• **Work instruction**
Retype the entries, please, from their first line to the line containing "Flygo Women Winter", exactly and only those lines, minus the pictures.
Records for processing section start
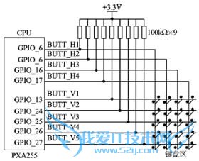 随着现代科技日新月异的发展,作为新兴产业的嵌入式移动信息设备的应用越来越广。这些嵌入式设备中的PDA以其体积小、重量轻、便于携带、功能强大、功耗低等特点而备受青睐。键盘作为一种最为普通的输入工具在PDA上显得尤为重要。PDA因其体积小、功能专一等特点决定了它的键盘不大可能采用普通PC机上的标准键盘,因而大多数PDA采用键数相对较少的矩阵键盘。矩阵键盘设计也是多种多样,有外接键盘管理芯片设计的,如采用CH452、UR5HCSPI等芯片;有外接普通单片机设计的,如采用8051、2051等单片机;也有不采用任何外围芯片直接与CPU的I/O口相连设计的。本文介绍一种在Windows CE.Net操作系统下,直接与CPU的I/O口相连的矩阵键盘的硬件设计方案,以及相应的流接口驱动程序设计方案。
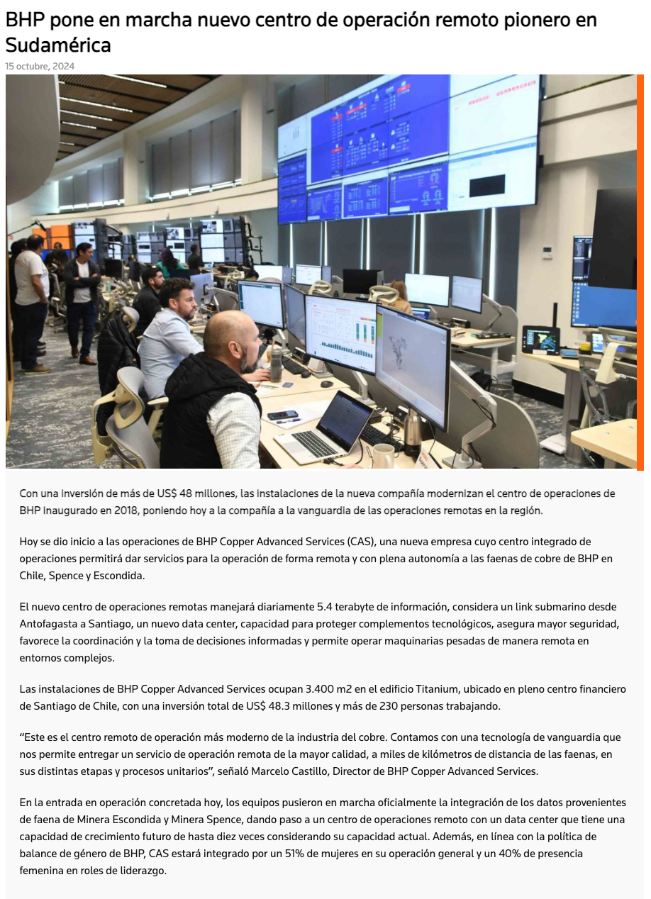 Prestará servicios remotos para la operación autónoma de Minera Escondida y Spence: BHP pone en marcha nuevo centro de operación remoto pionero en Sudamérica - (mvcomunicaciones.cl)
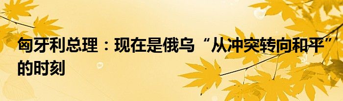 匈牙利总理:现在是俄乌“从冲突转向和平”的时刻
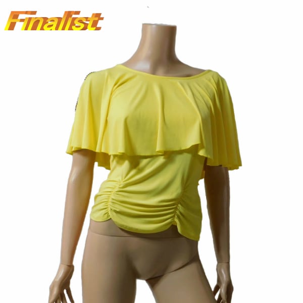 中古 社交ダンストップス 黄色胸フリル サイズF
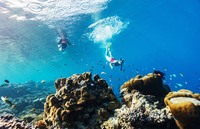 Die Schnorchelstopps hängen von den jeweiligen Meeres- und Wetterverhältnissen ab. Bitte respektieren Sie die Unterwasserwelt, vermeiden Sie jeglichen Kontakt mit Korallen und befolgen Sie stets die Sicherheitsanweisungen der Crew.
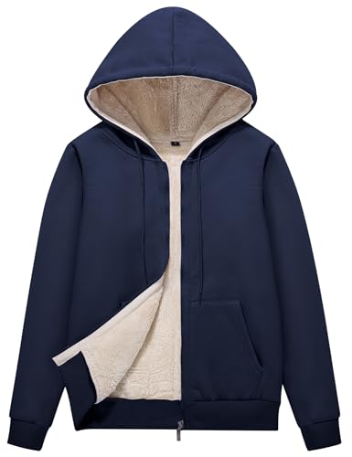 Flygo Women Winter Hoodies Zip Up Fleece Sherpa Lined Warm Sweatshirts Jacket(NavyBlue-L)
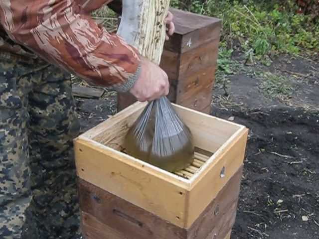 8월에서 9월 사이에 먹이를 줄 때는 걸쭉한 꿀 혼합물을 사용하세요. 꿀 세 그릇에 물 한 그릇을 넣으면 됩니다. 걸쭉해진 꿀은 불 위가 아닌 중탕으로 먼저 녹입니다. 물을 끓인 후 식히고, 재료를 40도에서 섞습니다.
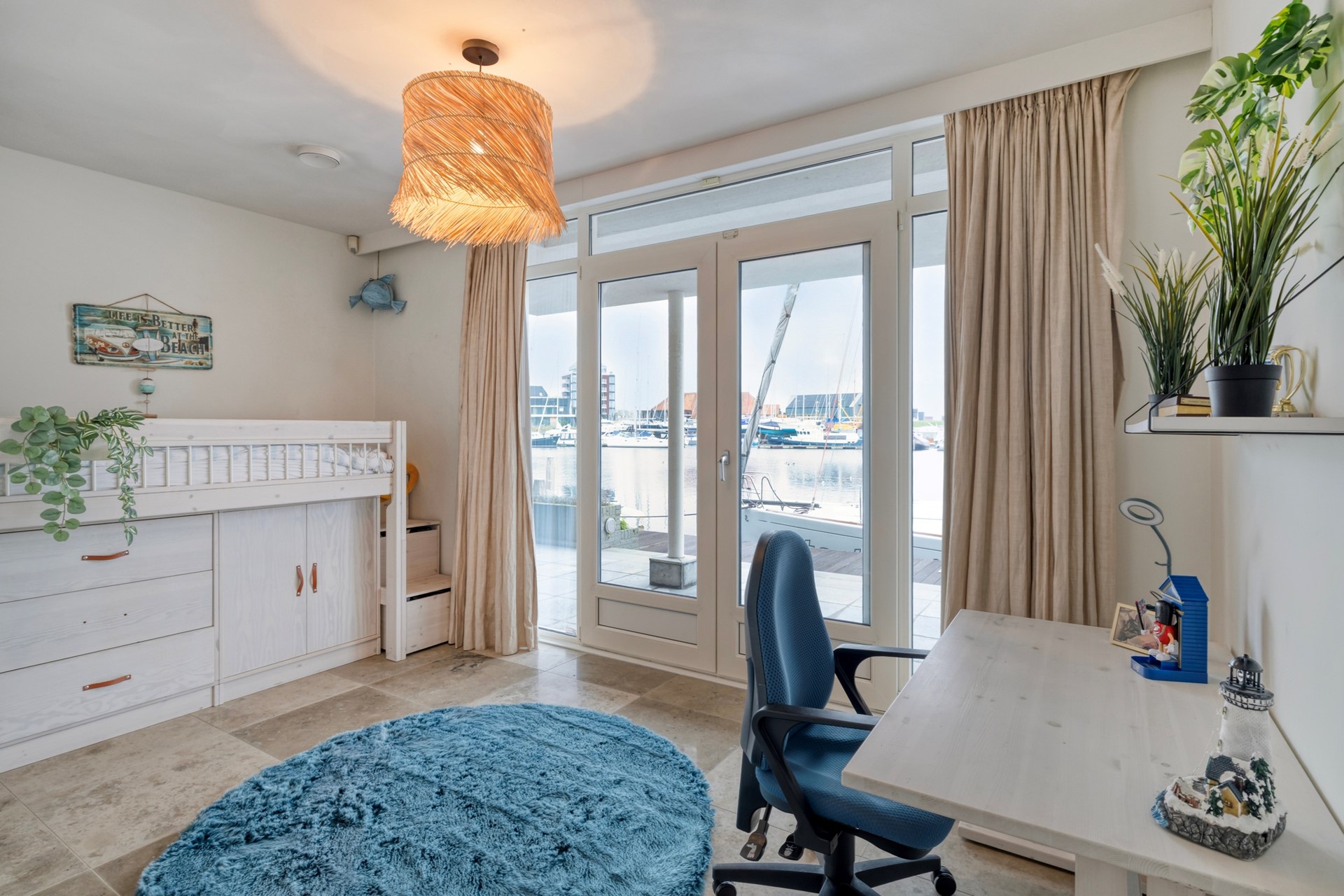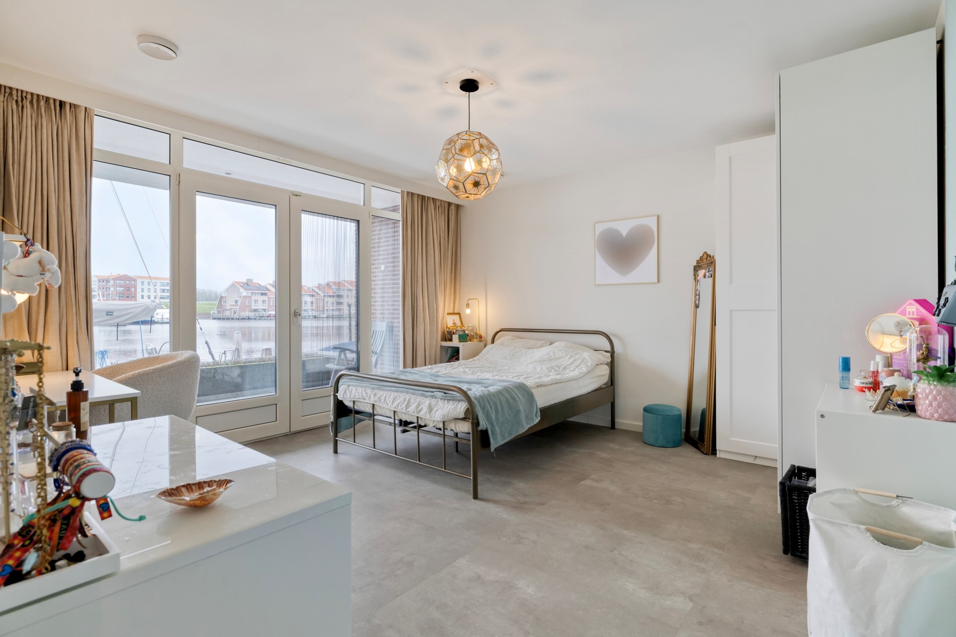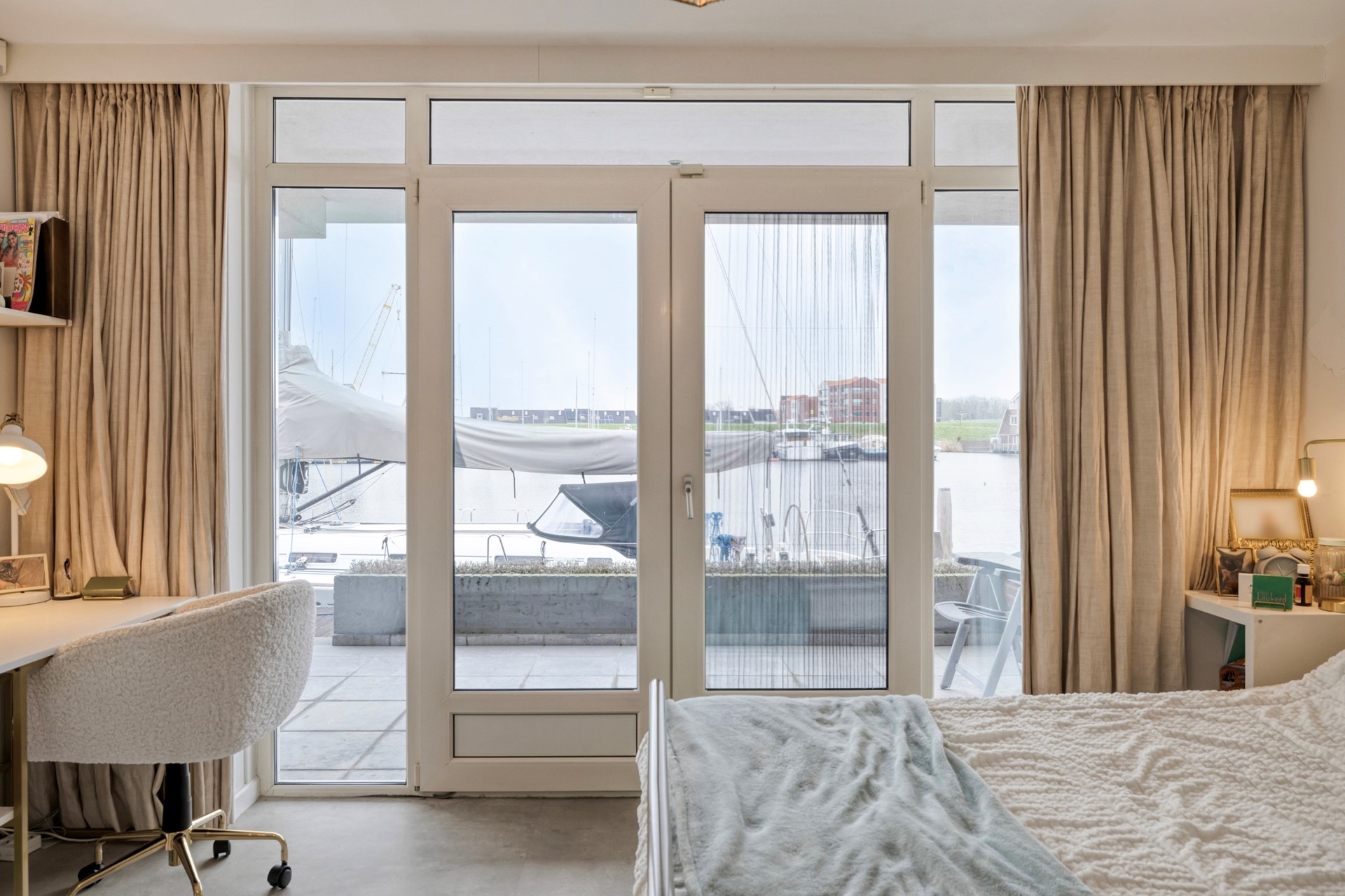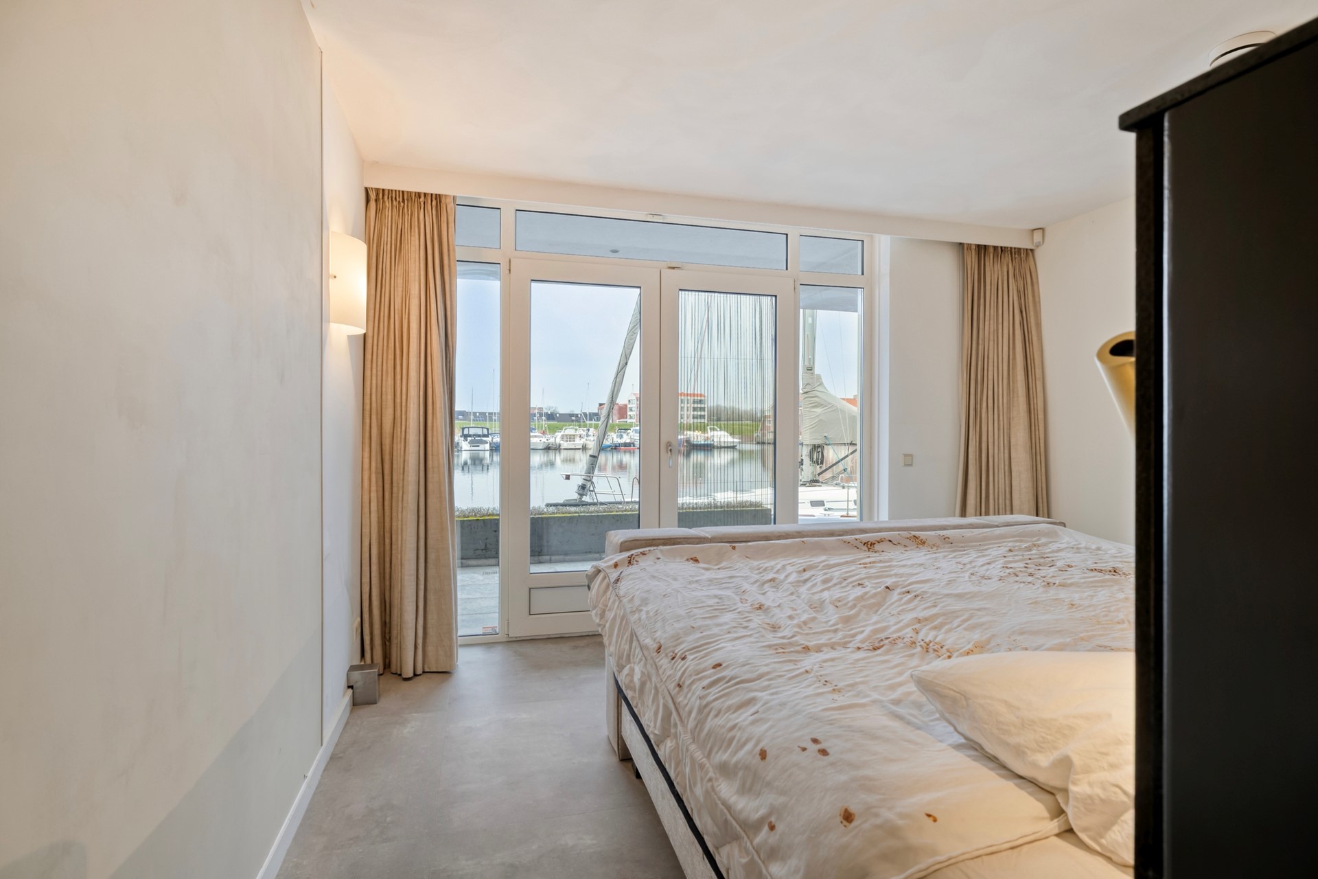 Slaapkamer 1 is afgewerkt met een betegelde vloer, gestucte wanden en plafond. De slaapkamer biedt toegang tot de steiger middels openslaande tuindeuren voorzien van 1 plissé hor.
Records for processing section end
• **Completed exercise**
 随着现代科技日新月异的发展,作为新兴产业的嵌入式移动信息设备的应用越来越广。这些嵌入式设备中的PDA以其体积小、重量轻、便于携带、功能强大、功耗低等特点而备受青睐。键盘作为一种最为普通的输入工具在PDA上显得尤为重要。PDA因其体积小、功能专一等特点决定了它的键盘不大可能采用普通PC机上的标准键盘,因而大多数PDA采用键数相对较少的矩阵键盘。矩阵键盘设计也是多种多样,有外接键盘管理芯片设计的,如采用CH452、UR5HCSPI等芯片;有外接普通单片机设计的,如采用8051、2051等单片机;也有不采用任何外围芯片直接与CPU的I/O口相连设计的。本文介绍一种在Windows CE.Net操作系统下,直接与CPU的I/O口相连的矩阵键盘的硬件设计方案,以及相应的流接口驱动程序设计方案。
 Prestará servicios remotos para la operación autónoma de Minera Escondida y Spence: BHP pone en marcha nuevo centro de operación remoto pionero en Sudamérica - (mvcomunicaciones.cl)
 匈牙利总理:现在是俄乌“从冲突转向和平”的时刻
 中古 社交ダンストップス 黄色胸フリル サイズF
 Die Schnorchelstopps hängen von den jeweiligen Meeres- und Wetterverhältnissen ab. Bitte respektieren Sie die Unterwasserwelt, vermeiden Sie jeglichen Kontakt mit Korallen und befolgen Sie stets die Sicherheitsanweisungen der Crew.
 Flygo Women Winter Hoodies Zip Up Fleece Sherpa Lined Warm Sweatshirts Jacket(NavyBlue-L)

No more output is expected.